━━━━━ INFORMATION SHOWN

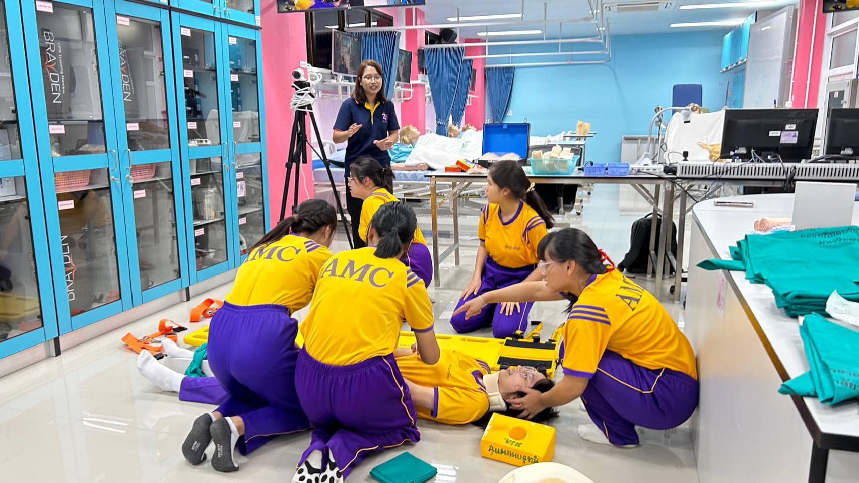 " สำนักวิชาสาธารณสุขศาสตร์ มหาวิทยาลัยวลัยลักษณ์ ต้อนรับนักเรียนท้องถิ่นเข้าร่วมการฝึกอบรมด้านการปฐมพยาบาลเบื้องต้น เมื่อวันเสาร์ที่ 26 สิงหาคม 2566 ณ ห้องปฏิบัติการสาธารณสุข ศูนย์เครื่องมือวิทยาศาสตร์และเทคโนโลยี อาจารย์กวินธิดา จีนเมือง ซึ่งรู้จักกันในนามอาจารย์มิ้ว พร้อมด้วยนักศึกษาสำนักวิชาสาธารณสุขศาสตร์ มหาวิทยาลัยวลัยลักษณ์ ได้เปิดห้องแลป onsite ต้อนรับนักเรียนและคณะครู ห้องเรียน English program ของโรงเรียนศรีธรรมราชศึกษา เพื่ออบรมเชิงปฏิบัติการที่มุ่งเน้นการส่งเสริมทักษะเฉพาะทาง ประกอบด้วย การปฐมพยาบาล การเคลื่อนย้ายผู้ป่วย และการช่วยฟื้นคืนชีพ ทักษะเหล่านี้เป็นสิ่งที่ขาดไม่ได้ในการช่วยเหลือผู้ที่ประสบอุบัติเหตุหรือภัยพิบัติ ซึ่งยืนยันถึงบทบาทสำคัญของนักสาธารณสุขศาสตร์ในการรักษาความปลอดภัยของชุมชน โอกาสหน้าเราจะไปจัด Workshop ดี ๆ แบบนี้ที่ไหนโปรดติดตามนะคะ"
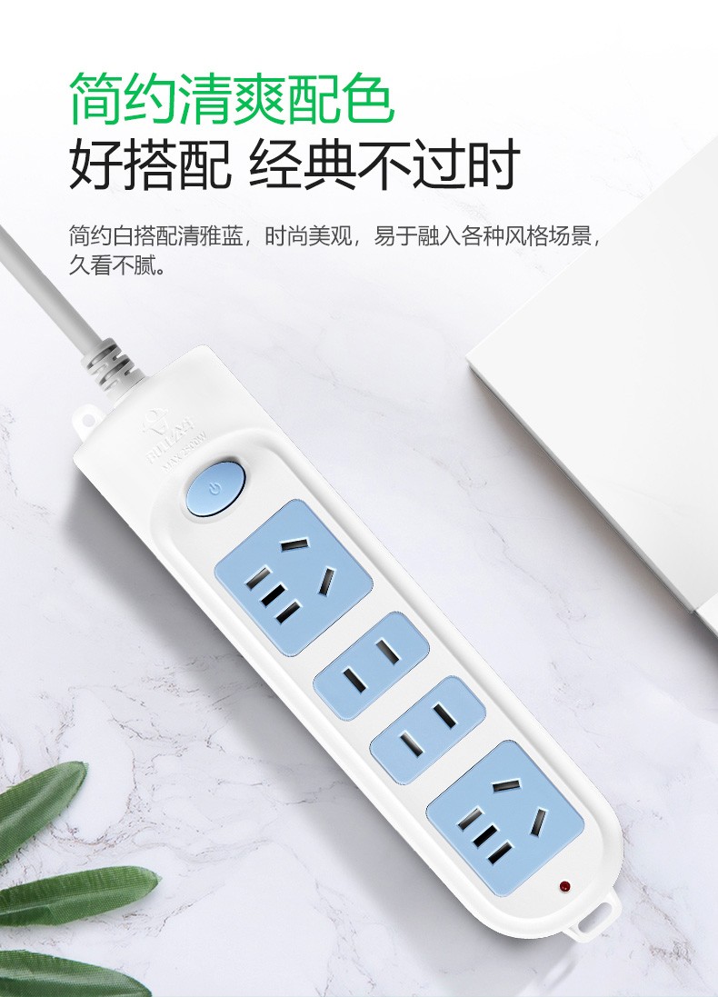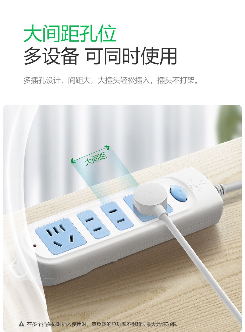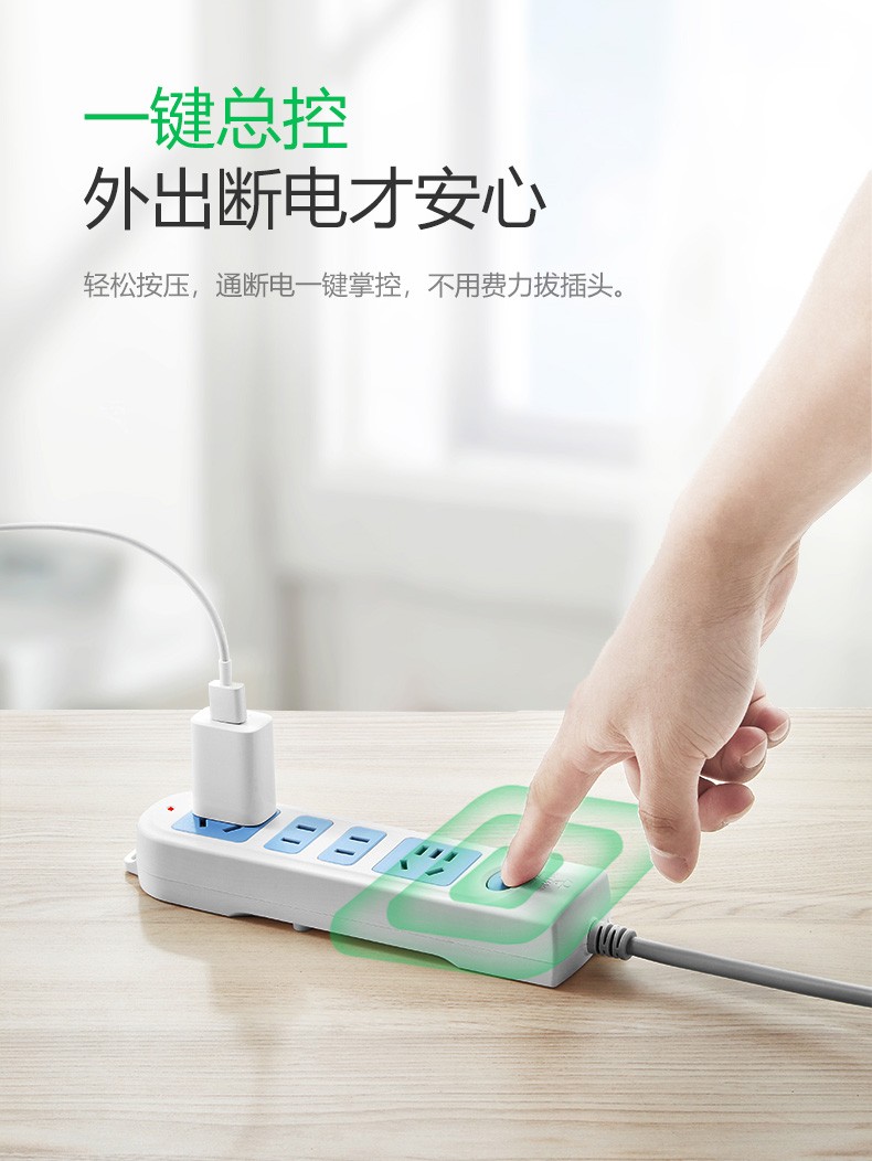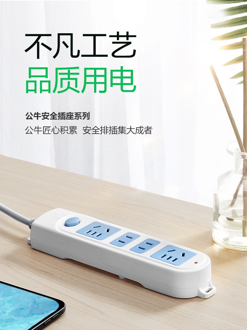 公牛(BULL) 插座/带儿童保护门 新国标/插线板/插排/排插 GN-410 4位总控开关全长3米 白色
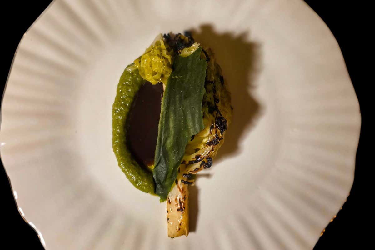 Una cena di grande bontà, quella dedicata al venticinquesimo compleanno di Ophis, con amuse-bouche golosi e un inizio notevole con il lesso: uno squisito bollito di testina d’agnello servito con misticanza e salse. Ancora, l’arrosto di verza, rigoroso piatto vegetale dalle intense sfumature minerali. Di bontà assoluta un evergreen di Citeroni, la pasta “con il nostro raccolto”: «con un estratto di bietola selvatica si va a mantecare la pasta, che viene condita con un'insalata di erbe aromatiche senza regola, con tutta la diversità che la stagione porta con sé. Uniamo solo olio extravergine di oliva e mantechiamo il formato che un pastificio realizza per noi. I gambi della bietola vengono marinati sottovuoto in aceto di riso per almeno una settimana e li utilizziamo come dadolata».

━━━━━━━━━━

Retype nothing except the lines from the first line of the listing above through the line with "公牛(BULL) 插座/带儿童保护门 新国标/插线板/插排/排插", exactly as they stand, and no pictures.

EXPECTED OUTPUT »
 " สำนักวิชาสาธารณสุขศาสตร์ มหาวิทยาลัยวลัยลักษณ์ ต้อนรับนักเรียนท้องถิ่นเข้าร่วมการฝึกอบรมด้านการปฐมพยาบาลเบื้องต้น เมื่อวันเสาร์ที่ 26 สิงหาคม 2566 ณ ห้องปฏิบัติการสาธารณสุข ศูนย์เครื่องมือวิทยาศาสตร์และเทคโนโลยี อาจารย์กวินธิดา จีนเมือง ซึ่งรู้จักกันในนามอาจารย์มิ้ว พร้อมด้วยนักศึกษาสำนักวิชาสาธารณสุขศาสตร์ มหาวิทยาลัยวลัยลักษณ์ ได้เปิดห้องแลป onsite ต้อนรับนักเรียนและคณะครู ห้องเรียน English program ของโรงเรียนศรีธรรมราชศึกษา เพื่ออบรมเชิงปฏิบัติการที่มุ่งเน้นการส่งเสริมทักษะเฉพาะทาง ประกอบด้วย การปฐมพยาบาล การเคลื่อนย้ายผู้ป่วย และการช่วยฟื้นคืนชีพ ทักษะเหล่านี้เป็นสิ่งที่ขาดไม่ได้ในการช่วยเหลือผู้ที่ประสบอุบัติเหตุหรือภัยพิบัติ ซึ่งยืนยันถึงบทบาทสำคัญของนักสาธารณสุขศาสตร์ในการรักษาความปลอดภัยของชุมชน โอกาสหน้าเราจะไปจัด Workshop ดี ๆ แบบนี้ที่ไหนโปรดติดตามนะคะ"
 公牛(BULL) 插座/带儿童保护门 新国标/插线板/插排/排插 GN-410 4位总控开关全长3米 白色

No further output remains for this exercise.